Global Warming and the Albedo

At this point, it’s pretty much unde­ni­able that global warm­ing is bear­ing down on us. There are a lot of peo­ple out there that think peo­ple are caus­ing global warm­ing but there are also a lot of peo­ple out there that think peo­ple are not caus­ing global warm­ing and, quite frankly, I don’t care which side of the fence you’re on. Whether global warm­ing is our fault or nat­ural doesn’t mat­ter; what mat­ters is what we’re going to do about it. If it’s our fault, we need to fix it; if it’s nat­ural, we want to impede it because the plan­ets cli­mate works best for our species where it was a few decades ago (at least as far as I’m con­cerned). I really don’t want my kids or grand­kids to live in a world with­out glac­i­ers or snow out­side the polar circles.

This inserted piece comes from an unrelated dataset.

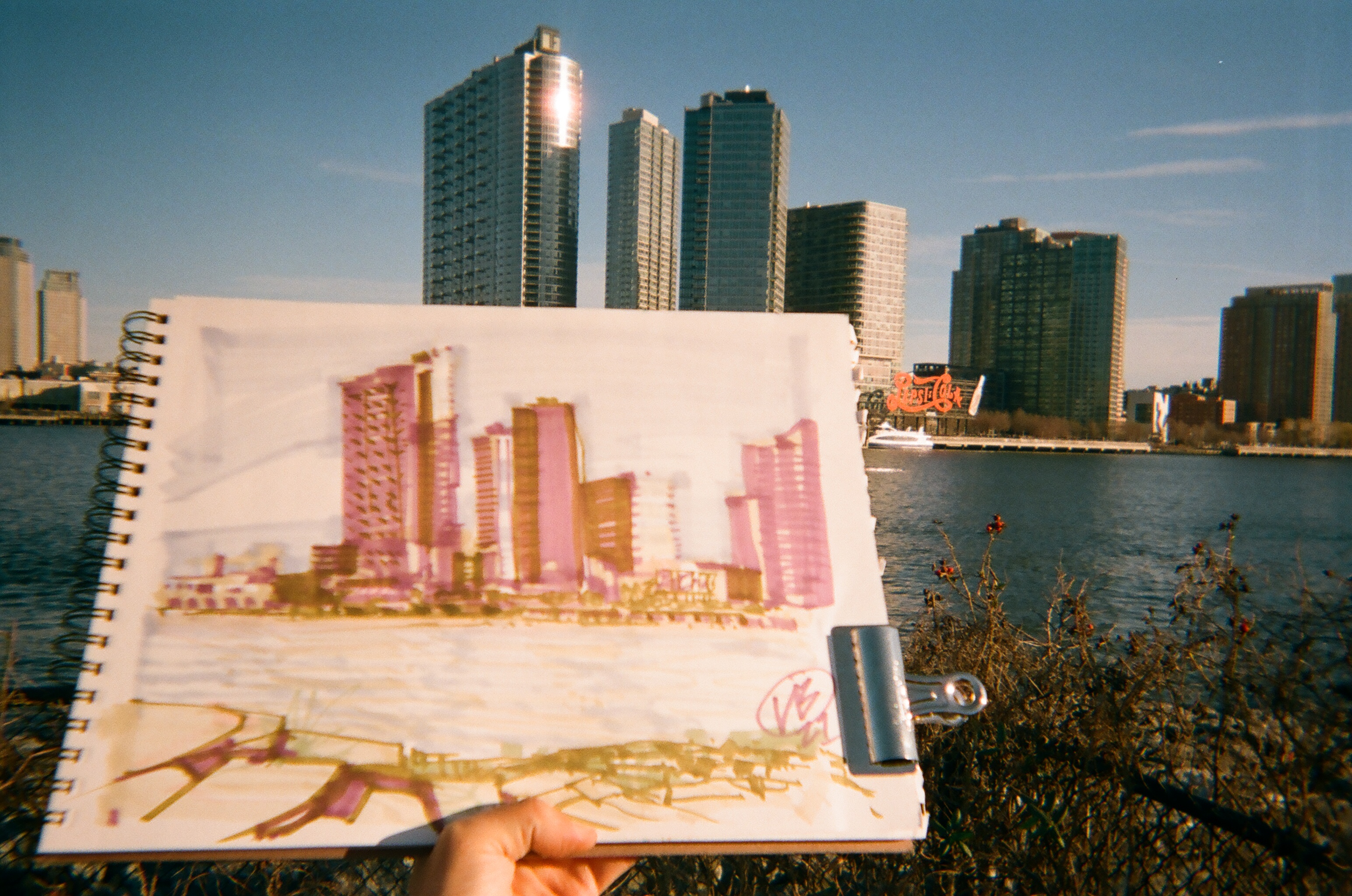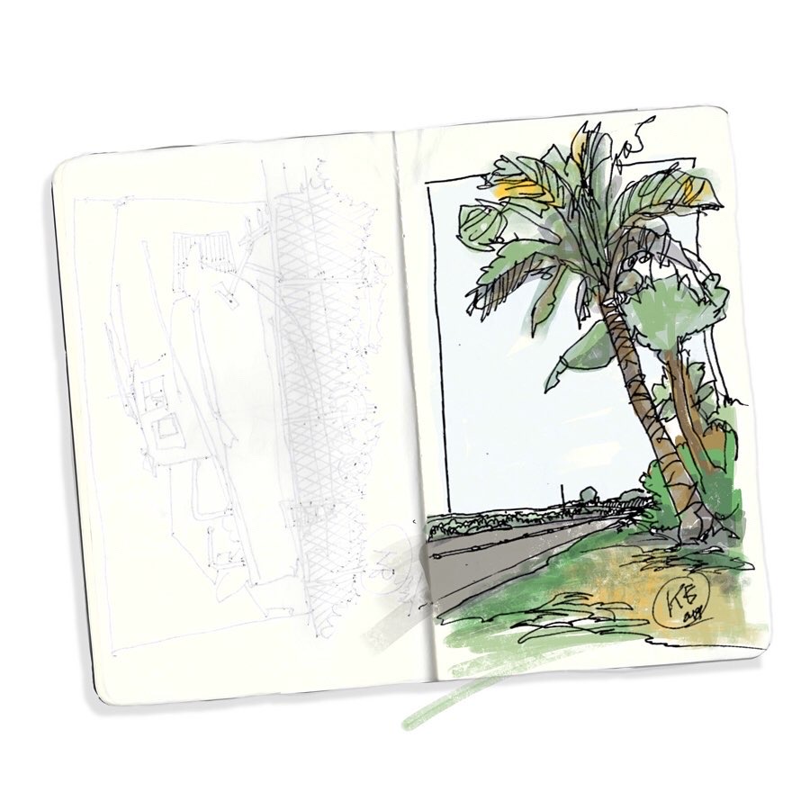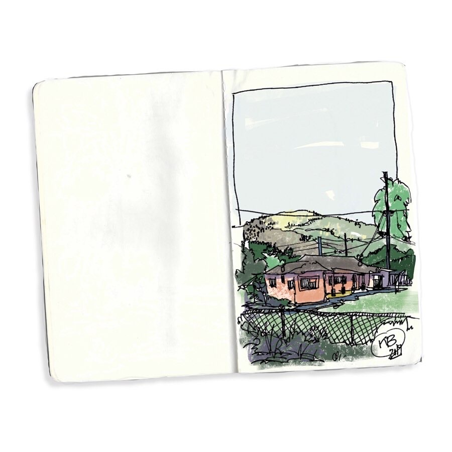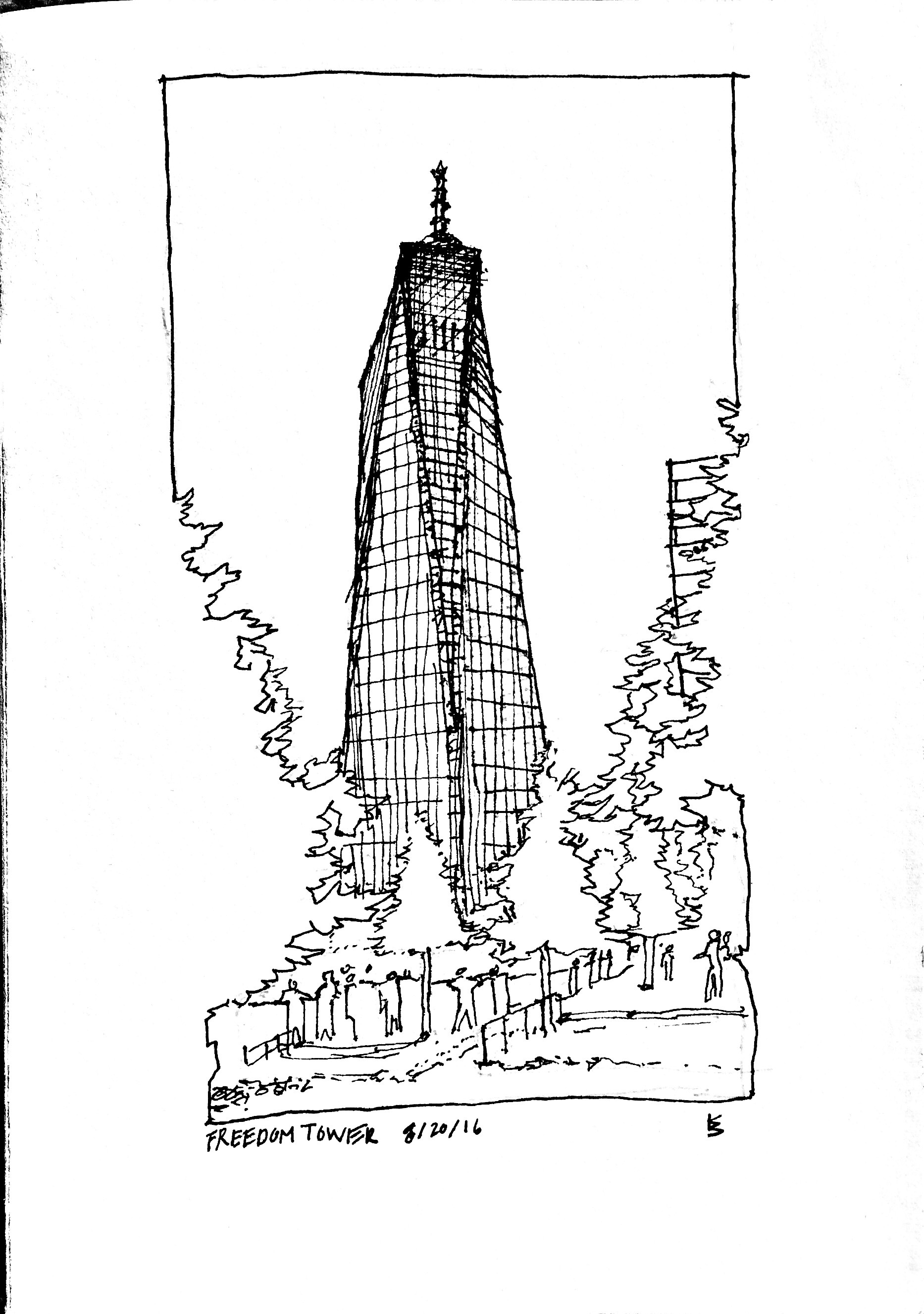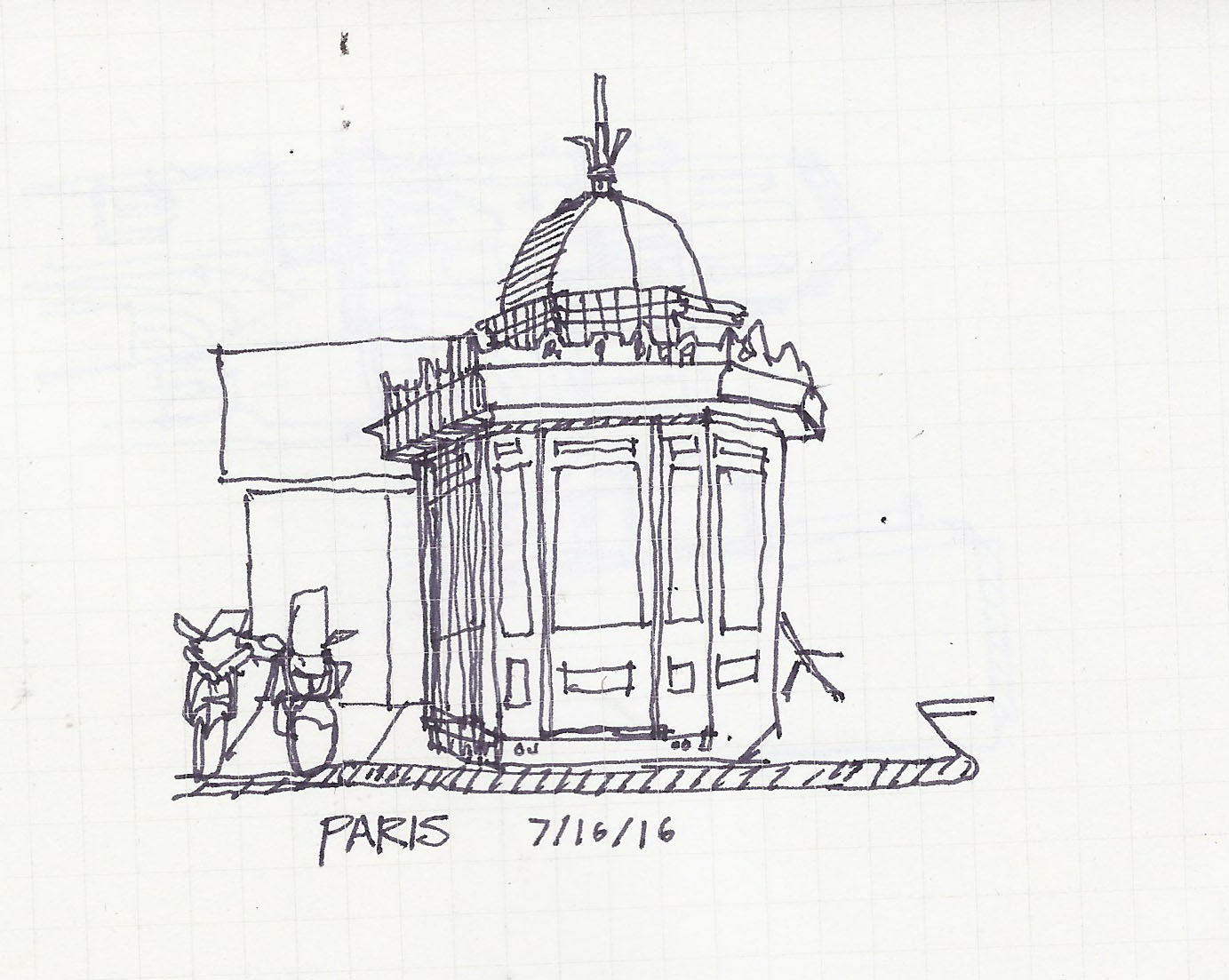 Pen drawings and watercolor paintings from around the world. This travelogue includes scenes from Italy, France, Luxembourg, and the United States.

So now that we’ve estab­lished that we need to do some­thing, what? There’s the stan­dard sug­ges­tions of stop killing rain forests and pro­duce less car­bon diox­ide but, let’s face it, humans are too pig-headed and stu­pid for that to ever hap­pen. Since we’re not going to do that, let’s take a dif­fer­ent approach; let’s look at the Earth’s albedo.

You might be won­der­ing at this point, what is albedo? You might do well to ask Wikipedia but, in short, albedo is a unit­less mea­sure of an objects reflec­tiv­ity. As a note­wor­thy point, the albedo of snow and ice is much higher than that of just about every­thing else on the Earth’s sur­face. Snow and ice are dimin­ished by higher tem­per­a­tures, their loss low­ers the albedo and lower albe­dos raise the tem­per­a­ture, there­for albedo decrease and tem­per­a­ture increase are self-reinforcing. So here’s where things get inter­est­ing con­cep­tu­ally, let’s try to raise the Earth’s albedo and do what we can to get things going in the other direc­tion. If you want to drive a gas-guzzling mon­stros­ity of a car, go for it but get the car in white, not black; paint your house in a light or pas­tel color, lobby your leg­is­la­tures to use con­crete or light tar­mac instead of stan­dard dark tar­mac; put mir­rors on your roof.

Forget emis­sions, let’s work on our albedo. Well, don’t com­pletely for­get emis­sions, but you get the point.